Few to Big: Prototype Expansion Network via Diffusion Learner for Point Cloud Few-shot Semantic Segmentation
- URL: http://arxiv.org/abs/2509.12878v1
- Date: Tue, 16 Sep 2025 09:29:46 GMT
- Title: Few to Big: Prototype Expansion Network via Diffusion Learner for Point Cloud Few-shot Semantic Segmentation
- Authors: Qianguang Zhao, Dongli Wang, Yan Zhou, Jianxun Li, Richard Irampa,
- Abstract summary: Prototype Expansion Network (PENet) is a framework that constructs big-capacity prototypes from two annotated feature sources.<n>PENet significantly outperforms state-of-the-art methods across various few-shot settings.

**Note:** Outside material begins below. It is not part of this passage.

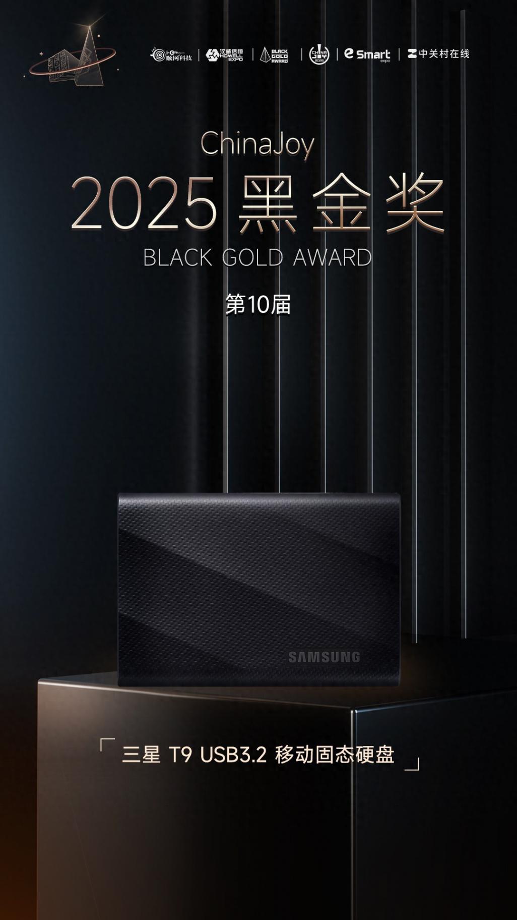 】2025年8月2日,第十届ChinaJoy黑金奖(BlackGold AWARD)正式揭晓。三星品牌存储旗下年度旗舰产品三星T9 USB3.2移动固态硬盘,凭借前沿的性能、独特的设计和优秀的防护能力,荣获2025年度黑金奖。

- Score: 12.971351926107289
- License: http://arxiv.org/licenses/nonexclusive-distrib/1.0/
- Abstract: Few-shot 3D point cloud semantic segmentation aims to segment novel categories using a minimal number of annotated support samples. While existing prototype-based methods have shown promise, they are constrained by two critical challenges: (1) Intra-class Diversity, where a prototype's limited representational capacity fails to cover a class's full variations, and (2) Inter-set Inconsistency, where prototypes derived from the support set are misaligned with the query feature space. Motivated by the powerful generative capability of diffusion model, we re-purpose its pre-trained conditional encoder to provide a novel source of generalizable features for expanding the prototype's representational range. Under this setup, we introduce the Prototype Expansion Network (PENet), a framework that constructs big-capacity prototypes from two complementary feature sources. PENet employs a dual-stream learner architecture: it retains a conventional fully supervised Intrinsic Learner (IL) to distill representative features, while introducing a novel Diffusion Learner (DL) to provide rich generalizable features. The resulting dual prototypes are then processed by a Prototype Assimilation Module (PAM), which adopts a novel push-pull cross-guidance attention block to iteratively align the prototypes with the query space. Furthermore, a Prototype Calibration Mechanism (PCM) regularizes the final big capacity prototype to prevent semantic drift. Extensive experiments on the S3DIS and ScanNet datasets demonstrate that PENet significantly outperforms state-of-the-art methods across various few-shot settings.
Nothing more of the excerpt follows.